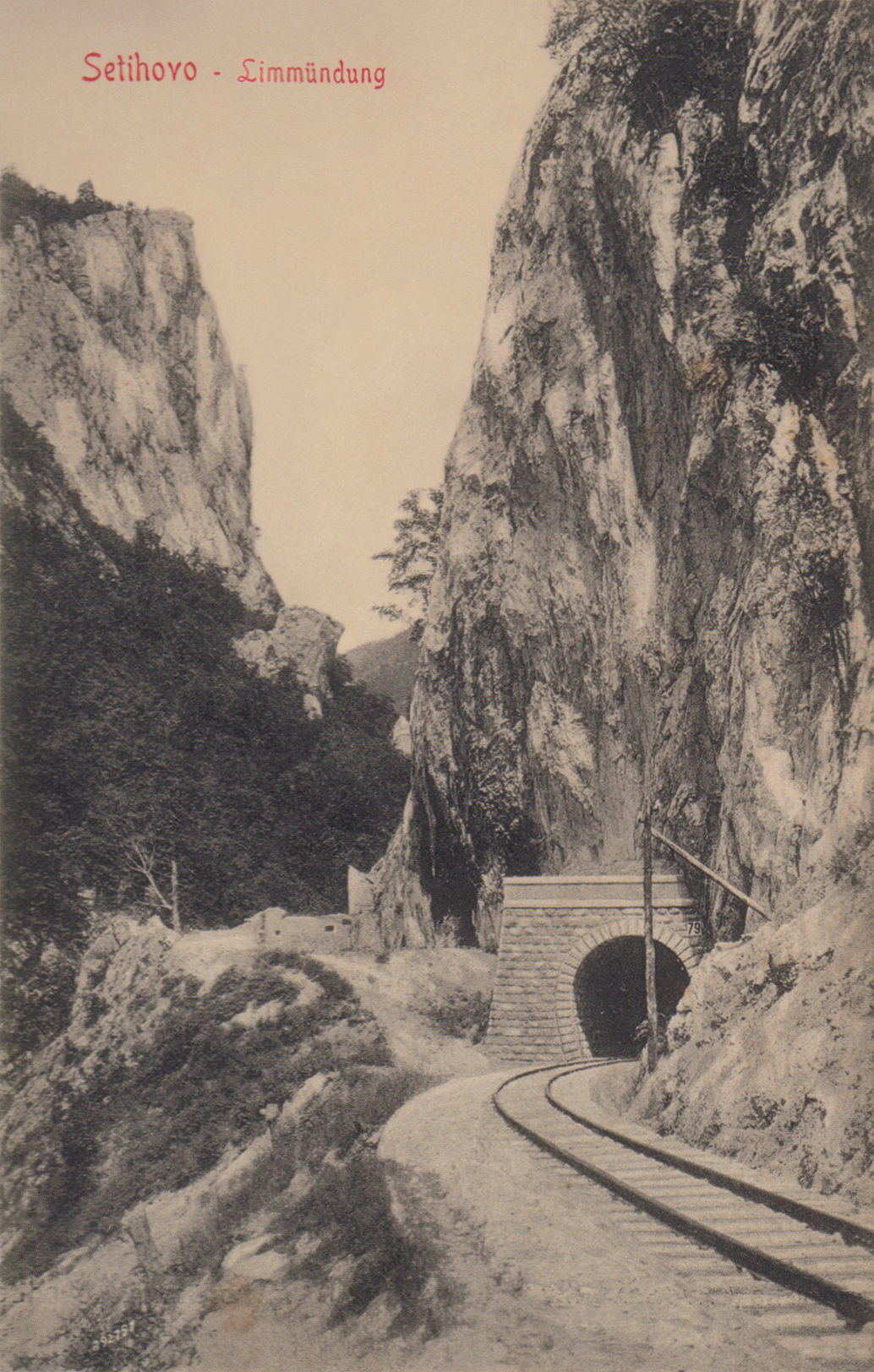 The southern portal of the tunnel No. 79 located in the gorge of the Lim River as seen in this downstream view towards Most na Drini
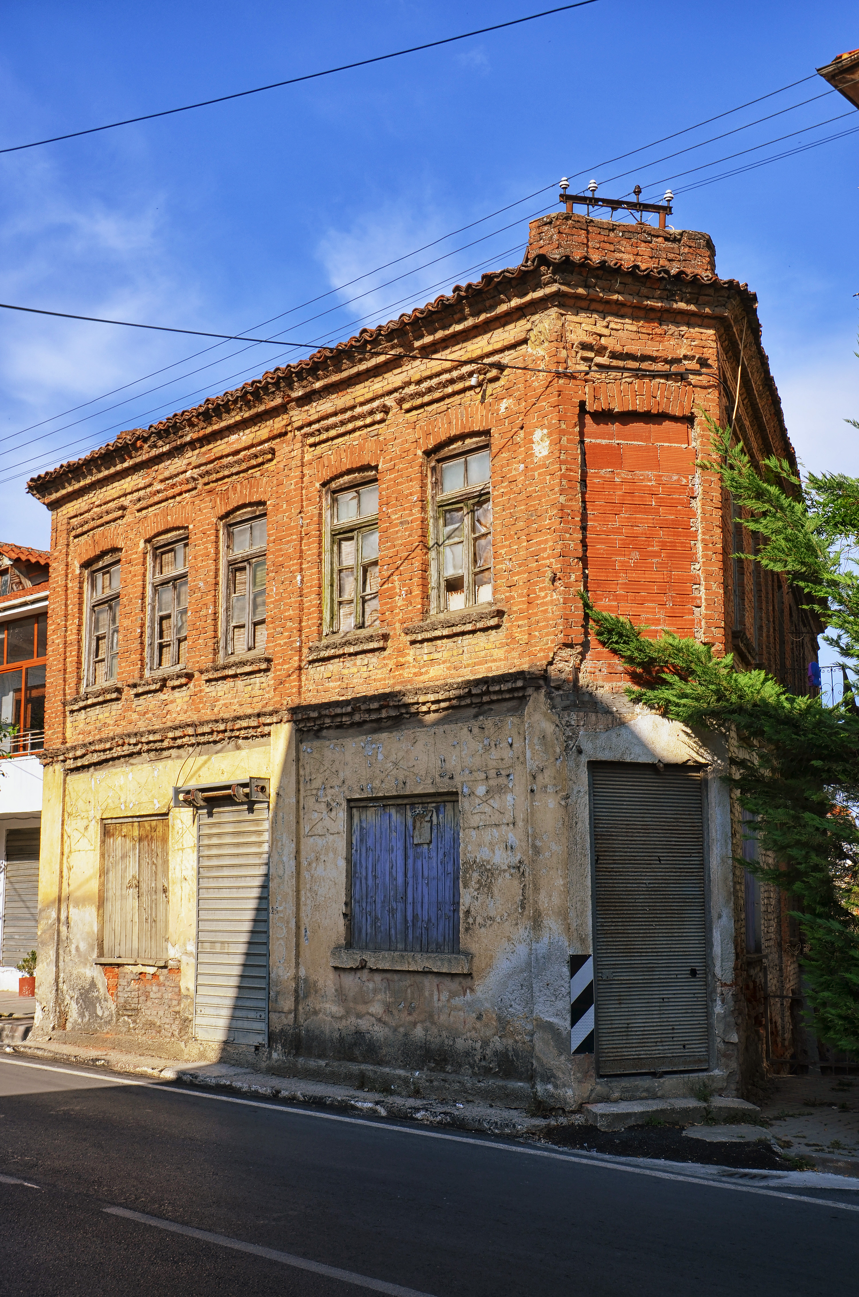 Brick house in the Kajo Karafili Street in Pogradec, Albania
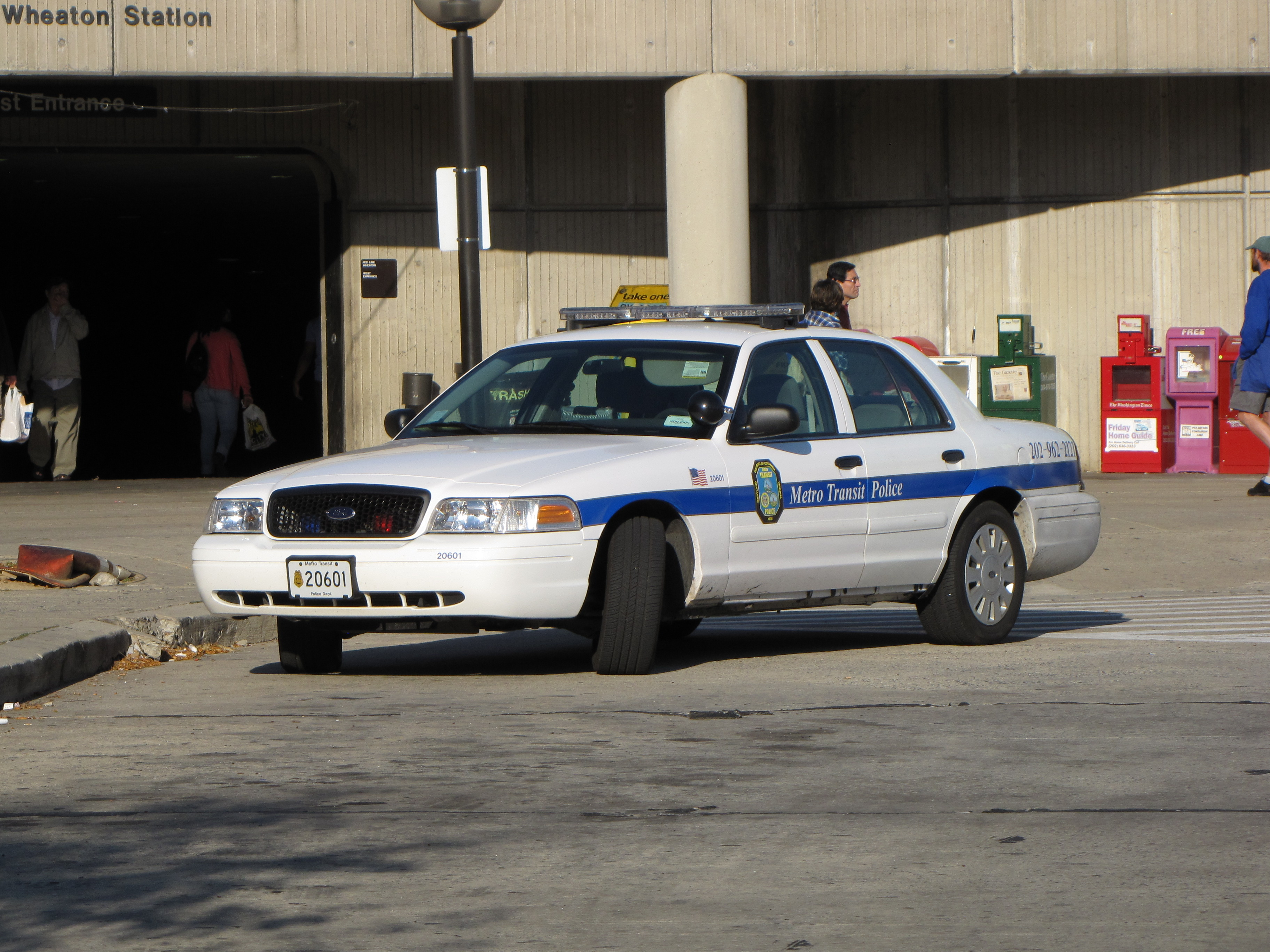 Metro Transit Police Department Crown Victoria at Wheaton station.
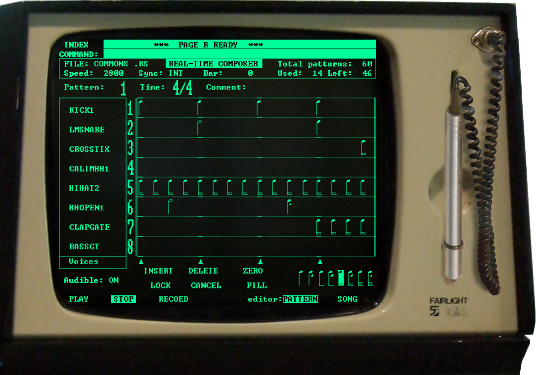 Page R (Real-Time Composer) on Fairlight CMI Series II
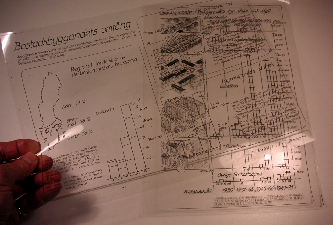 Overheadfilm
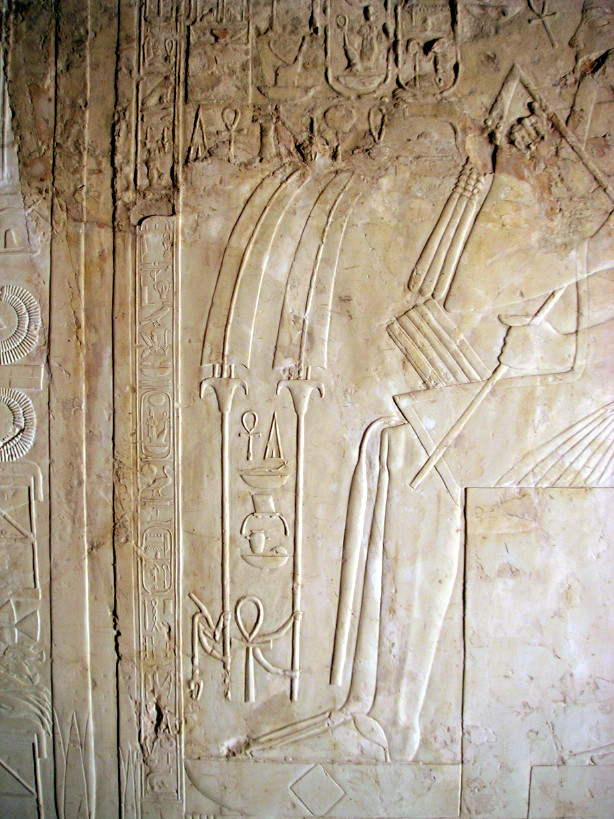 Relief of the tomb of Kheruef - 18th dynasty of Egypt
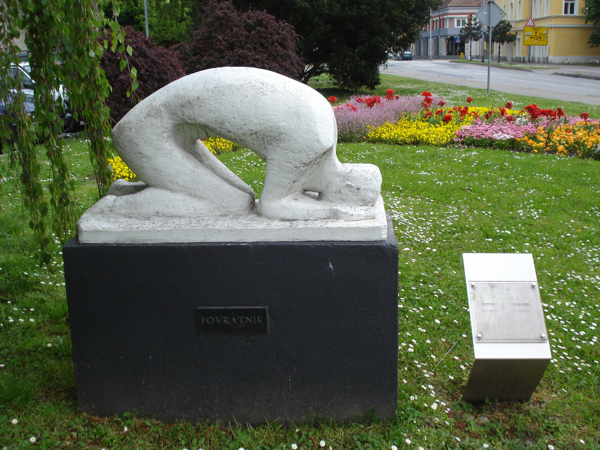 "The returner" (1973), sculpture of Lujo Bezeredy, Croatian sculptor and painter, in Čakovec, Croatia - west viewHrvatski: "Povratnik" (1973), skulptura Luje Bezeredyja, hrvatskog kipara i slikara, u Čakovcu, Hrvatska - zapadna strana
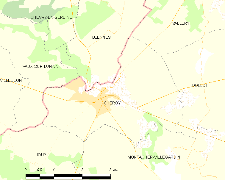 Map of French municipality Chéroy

+-------+

Everything above from the line with "Metro Transit Police" through the line with "Relief of the" should be retyped exactly, and nothing else; omit pictures.

 Metro Transit Police Department Crown Victoria at Wheaton station.
 Page R (Real-Time Composer) on Fairlight CMI Series II
 Overheadfilm
 Relief of the tomb of Kheruef - 18th dynasty of Egypt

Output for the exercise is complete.